◆ **What is required**:
The copy you produce must repeat each record exactly and contain no pictures.

◆ **Data shown**:

·····

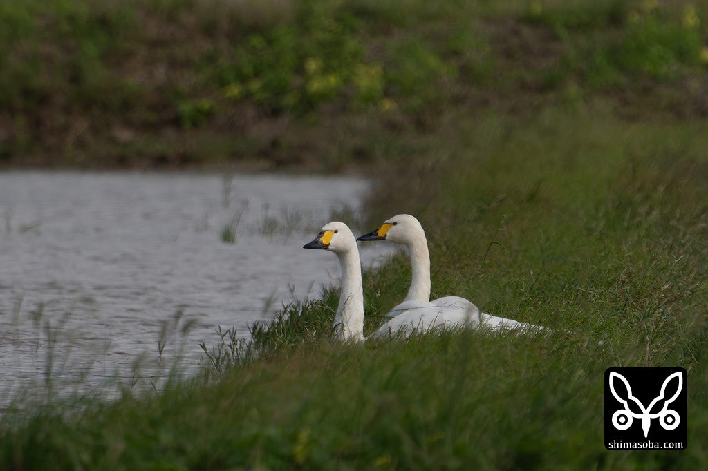 コハクチョウ2羽。西表島から移動してきた個体です。ダム湖や海岸、田んぼを転々としています。
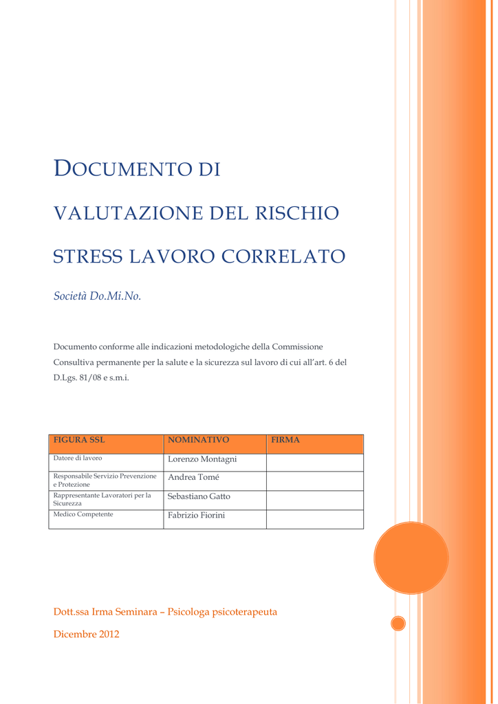Documento di valutazione del rischio stress lavoro
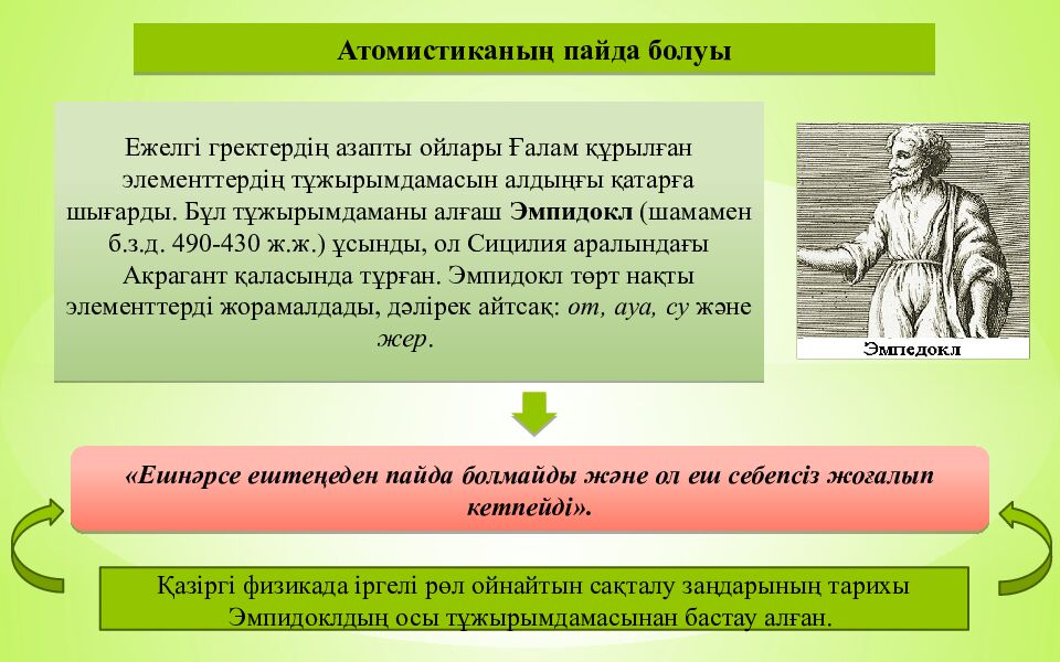 Атомистиканың пайда болуы Ежелгі гректердің азапты ойлары Ғалам құрылған элементтердің тұжырымдамасын алдыңғы қатарға шығарды. Бұл тұжырымдаманы алғаш Эмпидокл (шамамен б.з.д. 490-430 ж.ж.) ұсынды, ол Сицилия аралындағы Акрагант қаласында тұрған. Эмпидокл төрт нақты элементтерді жорамалдады, дәлірек айтсақ: от, ауа, су және жер. «Ешнәрсе ештеңеден пайда болмайды және ол еш себепсіз жоғалып кетпейді». Қазіргі физикада іргелі рөл ойнайтын сақталу заңдарының тарихы Эмпидоклдың осы тұжырымдамасынан бастау алған.
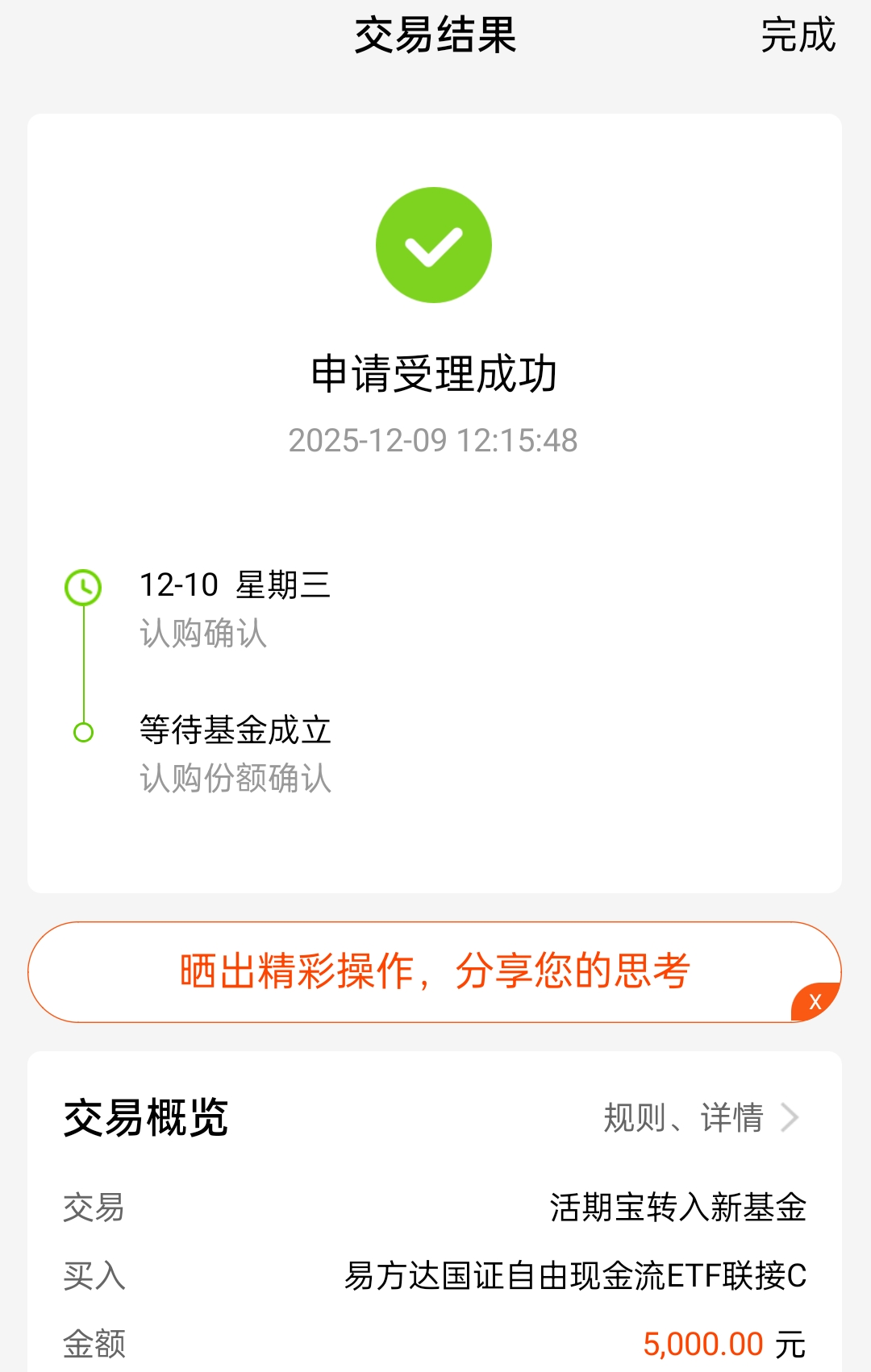 $易方达国证自由现金流ETF联接A(OTCFUND|024566)$ $易方达国证自由现金流ETF联接C(OTCFUND|024567)$正成立中,有基金账户也能参与了。管理费率0.15%/年,托管费率0.05%/年,合计0.20%,显著低于同类Smart Beta产品 。建仓5000元的。
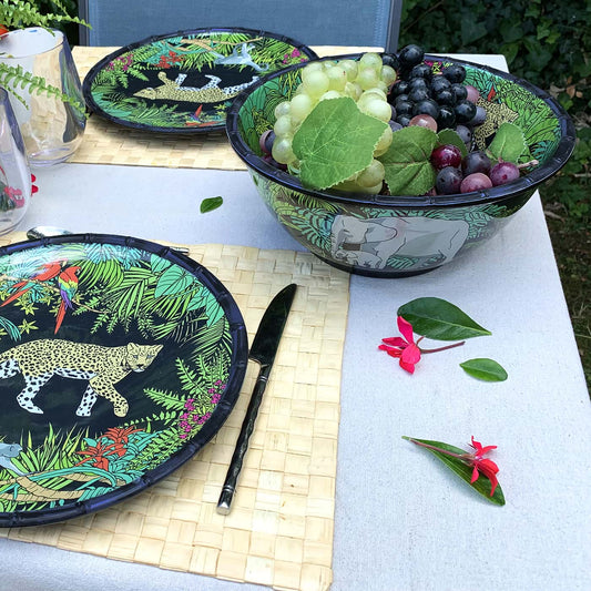 Piatto piano in pura melamina nero - Ø 28 cmJUNGLE- Piatto grande con un bel disegno della giungla- Perfetta sulla tavola- 28 cm di diametroPiatto piano in pura melamina nero - Ø 28 cmJUNGLE- Piatto grande con un bel disegno della giungla- Perfetta sulla tavola- 28 cm di diametroPrezzo di listino €13,12 EURPrezzo di listinoPrezzo unitario / perPrezzo scontato €13,12 EUR -
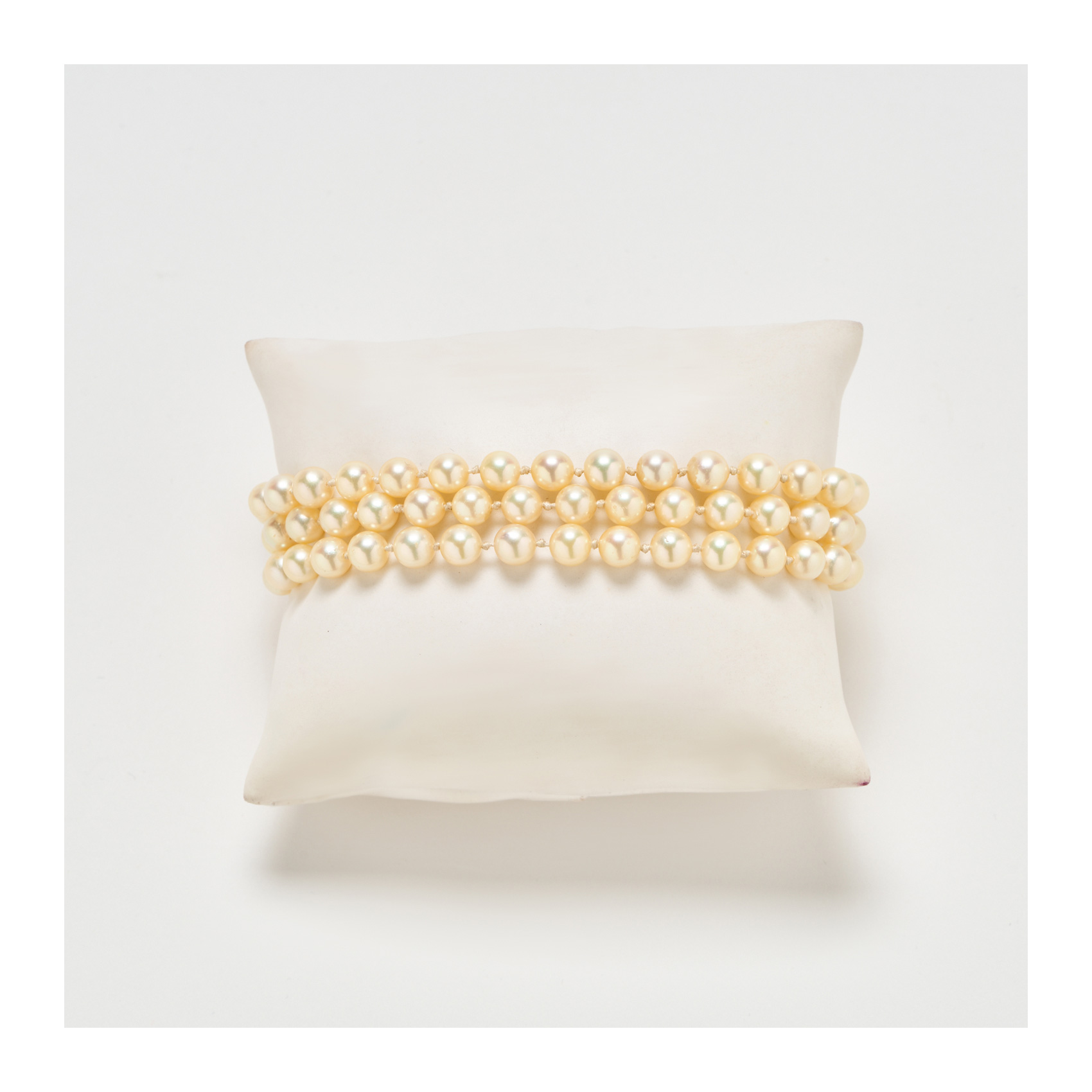 Pulsera de tres tiras de perlas cultivadas de 6 mm. con cierre en oro blanco mate y brillo y tres zafiros azules talla redonda engastados en garras.

·····

◆ **Expected answer**:
 コハクチョウ2羽。西表島から移動してきた個体です。ダム湖や海岸、田んぼを転々としています。
Documento di valutazione del rischio stress lavoro
 Атомистиканың пайда болуы Ежелгі гректердің азапты ойлары Ғалам құрылған элементтердің тұжырымдамасын алдыңғы қатарға шығарды. Бұл тұжырымдаманы алғаш Эмпидокл (шамамен б.з.д. 490-430 ж.ж.) ұсынды, ол Сицилия аралындағы Акрагант қаласында тұрған. Эмпидокл төрт нақты элементтерді жорамалдады, дәлірек айтсақ: от, ауа, су және жер. «Ешнәрсе ештеңеден пайда болмайды және ол еш себепсіз жоғалып кетпейді». Қазіргі физикада іргелі рөл ойнайтын сақталу заңдарының тарихы Эмпидоклдың осы тұжырымдамасынан бастау алған.
 $易方达国证自由现金流ETF联接A(OTCFUND|024566)$ $易方达国证自由现金流ETF联接C(OTCFUND|024567)$正成立中,有基金账户也能参与了。管理费率0.15%/年,托管费率0.05%/年,合计0.20%,显著低于同类Smart Beta产品 。建仓5000元的。
 Piatto piano in pura melamina nero - Ø 28 cmJUNGLE- Piatto grande con un bel disegno della giungla- Perfetta sulla tavola- 28 cm di diametroPiatto piano in pura melamina nero - Ø 28 cmJUNGLE- Piatto grande con un bel disegno della giungla- Perfetta sulla tavola- 28 cm di diametroPrezzo di listino €13,12 EURPrezzo di listinoPrezzo unitario / perPrezzo scontato €13,12 EUR -
 Pulsera de tres tiras de perlas cultivadas de 6 mm. con cierre en oro blanco mate y brillo y tres zafiros azules talla redonda engastados en garras.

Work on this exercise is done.